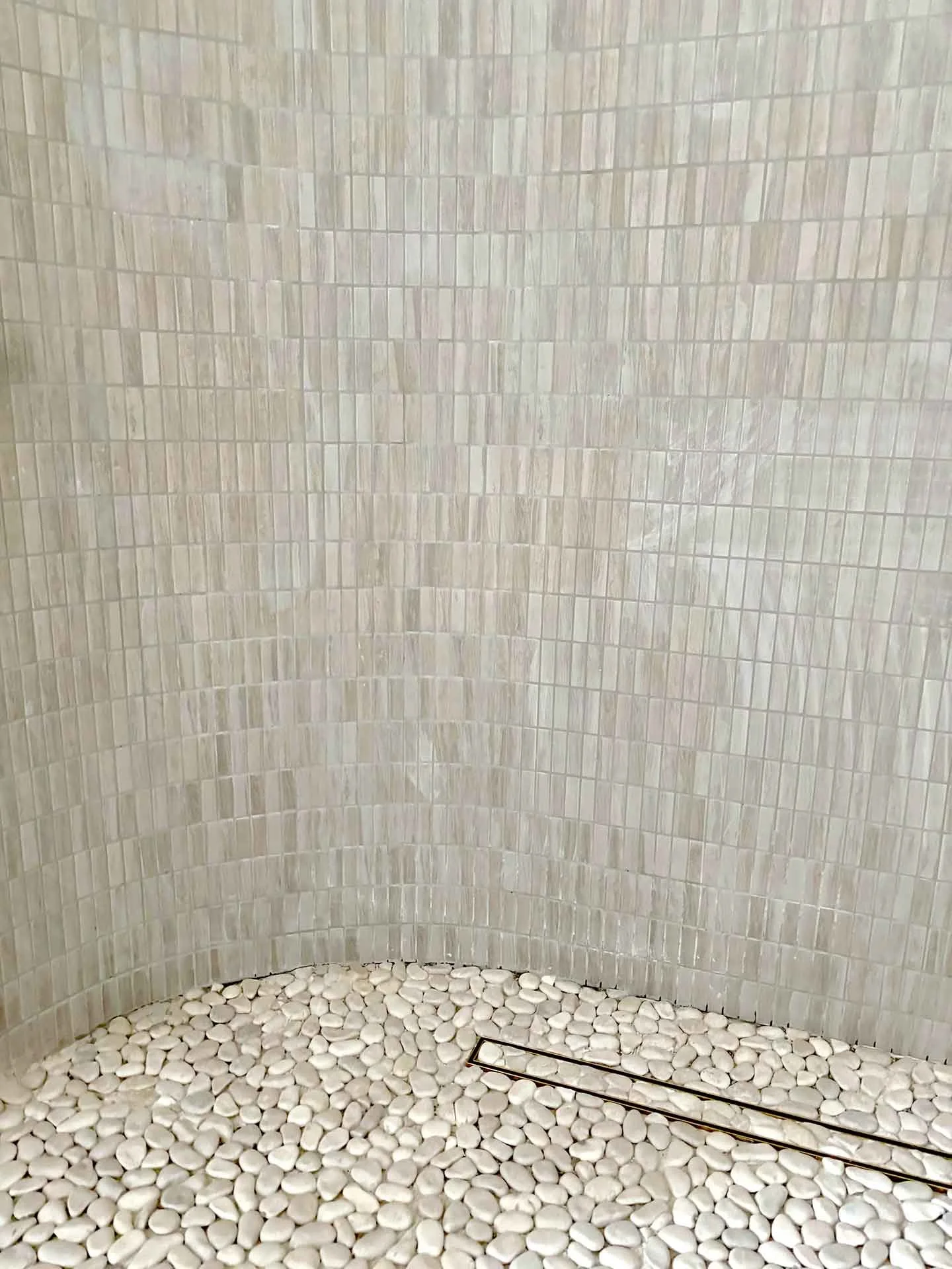 The oversized shower features a curved design, with a long linear drain and a bench.
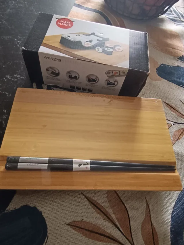Dettagli del prodottoSet per preparare il sushi in casa, marca Kasanova. Include la macchina per fare i sushi e un paio di bacchette.
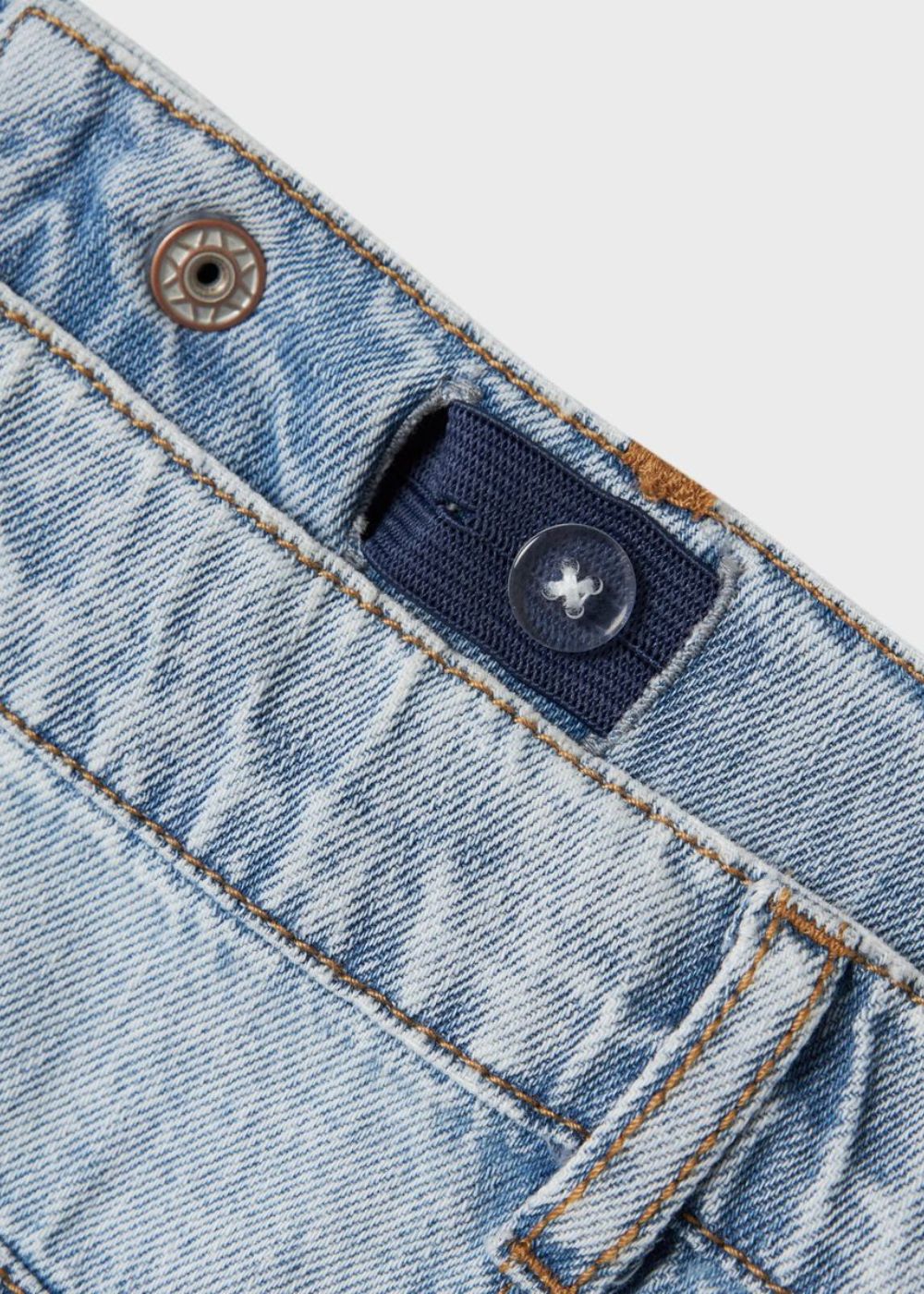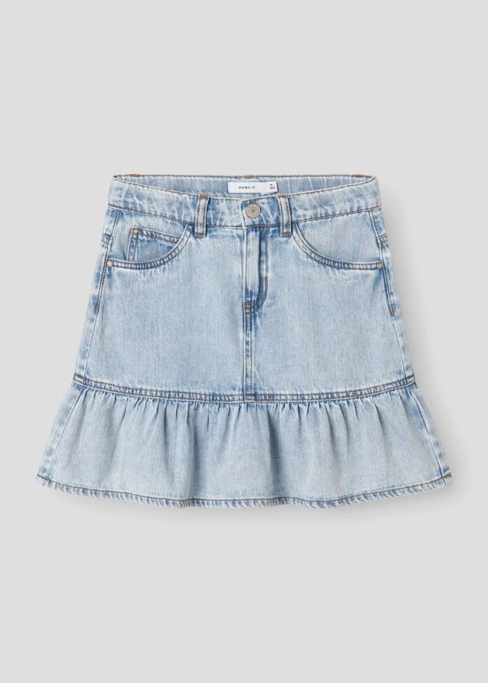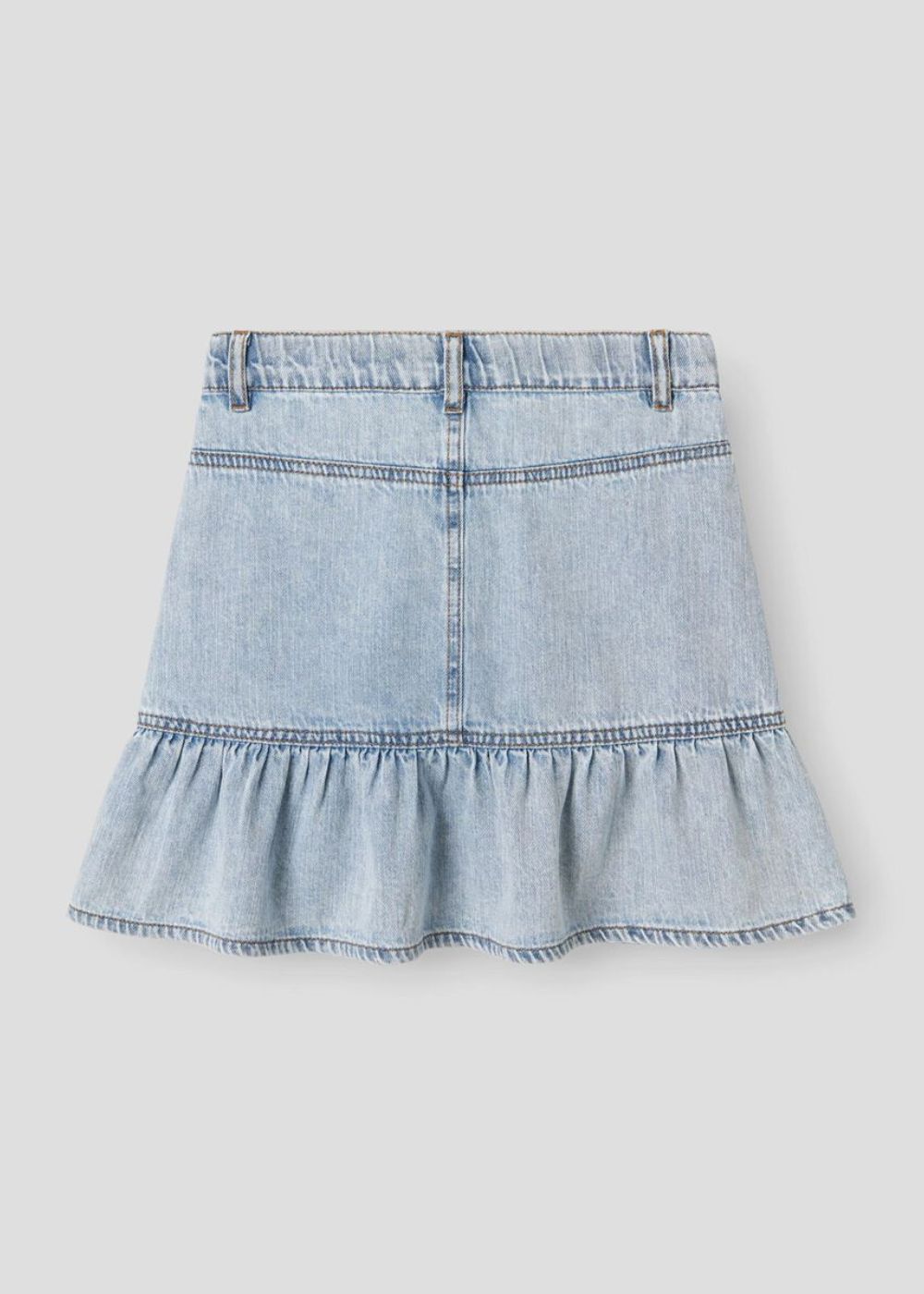 Craft a refined and comfortable look for your child with this denim skirt, designed for everyday wear. Made from durable woven fabric, it features subtle abrasions for a unique finish. Practical front pockets, a hook button and zip fly fastening, and an adjustable waist ensure both style and fit. Rivets and detailed stitching add a sophisticated touch to this versatile piece.

━━━━━━━━━━━━━━━━━━━━━━━━━━━━━━

What is expected.
Each line from the one that contains "Dettagli del prodottoSet" to the end of the listing must be quoted exactly; no other line and no picture belongs in the copy.

Output for this task.
Dettagli del prodottoSet per preparare il sushi in casa, marca Kasanova. Include la macchina per fare i sushi e un paio di bacchette.
 Craft a refined and comfortable look for your child with this denim skirt, designed for everyday wear. Made from durable woven fabric, it features subtle abrasions for a unique finish. Practical front pockets, a hook button and zip fly fastening, and an adjustable waist ensure both style and fit. Rivets and detailed stitching add a sophisticated touch to this versatile piece.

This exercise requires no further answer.